Preface
Companies frequently face the challenge of screening the continuously increasing number of (Web) documents and assessing the contained information with respect to its relevance and novelty. For instance, technology scouts need to discover and monitor new technologies, while investors and stock brokers would like to be informed about recent acquisitions. The systems that have been developed so far for detecting novel information (semi-)automatically in text documents are often very inefficient. This is due to the fact that most approaches only consider the relevance, but not the novelty, of text documents. The few existing approaches for novel information detection do not use any semantically-structured representation of the already known and of the extracted information.
In this thesis, new approaches for detecting and extracting novel, relevant information from unstructured text documents are presented that exploit the explicit modeling of the semantics of the given and extracted information. Using semantics has the benefit of resolving ambiguities in the language and specifying the exact information need regarding relevance and novelty. The explicit modeling is performed by using Semantic Web technologies such as the Resource Description Framework (RDF). In the presented work, we assume that all knowledge that is known to the system is available in the form of an RDF knowledge graph. Hence, novelty and relevance are considered with regard to a knowledge graph.
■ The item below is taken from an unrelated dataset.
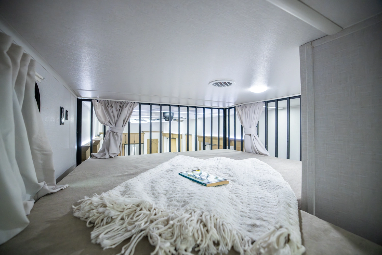 The Wildwood Grand Lodge 42FK is a truly exceptional destination trailer. The large front kitchen is equipped with residential appliances, tons of cabinet and pantry space, and a free-standing dinette. The large living area provides two sofas and an entertainment center with TV and fireplace, while the large rear master bedroom offers a full wardrobe and dresser. The HUGE walk-up loft is perfect for friends and family, with four separate bunks and plenty of space to stretch out.

The contributions of this thesis can be summarized as follows:
1. We assess the suitability of existing large knowledge graphs for the task of detecting novel information in text documents.
2. We present an approach by which emerging entities are predicted and recommended, respectively, for a knowledge graph.
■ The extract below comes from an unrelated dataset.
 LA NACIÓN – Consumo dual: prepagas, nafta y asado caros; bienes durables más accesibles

3. We present an approach for extracting novel, relevant, semantically-structured statements from text documents.
The contributions are presented, applied, and evaluated with the help of several scenarios. The developed approaches are suitable for the recommendation of emerging entities and novel statements, respectively, for the purpose of knowledge graph population as well as for use by users who are dependent on novel information (such as journalists and technology scouts).